_INFORMATION_.

● ● ● ● ● ● ●

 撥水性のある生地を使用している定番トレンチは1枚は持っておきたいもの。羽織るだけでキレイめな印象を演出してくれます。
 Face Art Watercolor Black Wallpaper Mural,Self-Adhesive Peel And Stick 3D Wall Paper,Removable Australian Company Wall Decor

● ● ● ● ● ● ●

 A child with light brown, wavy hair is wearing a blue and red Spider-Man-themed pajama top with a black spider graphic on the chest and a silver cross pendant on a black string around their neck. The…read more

● ● ● ● ● ● ●

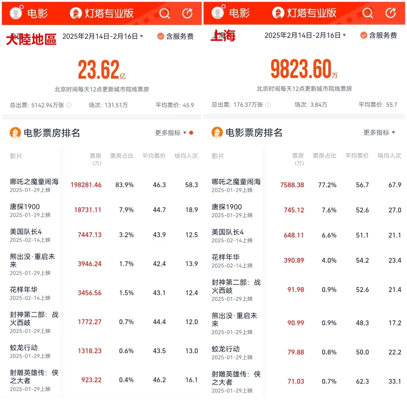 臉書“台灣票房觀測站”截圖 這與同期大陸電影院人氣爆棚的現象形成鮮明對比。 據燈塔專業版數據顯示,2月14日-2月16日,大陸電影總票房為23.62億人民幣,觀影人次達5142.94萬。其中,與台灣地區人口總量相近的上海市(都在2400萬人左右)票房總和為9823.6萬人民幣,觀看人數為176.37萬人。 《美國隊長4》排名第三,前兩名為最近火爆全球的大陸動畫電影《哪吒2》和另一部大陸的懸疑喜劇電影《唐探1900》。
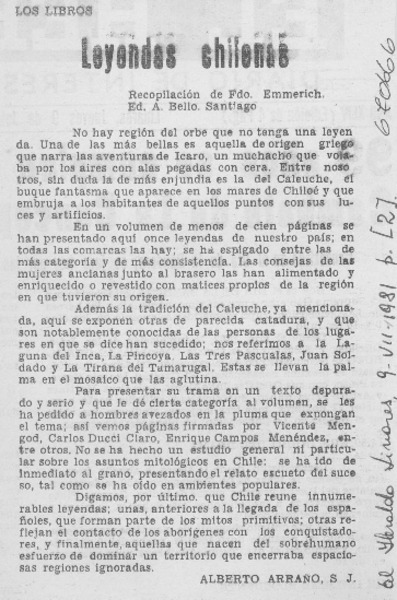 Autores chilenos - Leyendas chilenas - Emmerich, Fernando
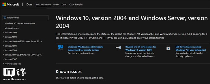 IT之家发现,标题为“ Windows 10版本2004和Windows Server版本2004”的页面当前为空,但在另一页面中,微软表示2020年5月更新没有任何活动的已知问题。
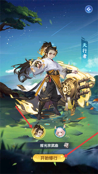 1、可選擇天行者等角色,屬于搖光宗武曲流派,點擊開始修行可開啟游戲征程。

● ● ● ● ● ● ●

_TASK DIRECTIONS_. Reproduce the lines above, beginning at the line with "撥水性のある生地を使用してい" and stopping after the line with "Face Art Watercolor", exactly as they are.

_YOUR SOLUTION_.
 撥水性のある生地を使用している定番トレンチは1枚は持っておきたいもの。羽織るだけでキレイめな印象を演出してくれます。
 Face Art Watercolor Black Wallpaper Mural,Self-Adhesive Peel And Stick 3D Wall Paper,Removable Australian Company Wall Decor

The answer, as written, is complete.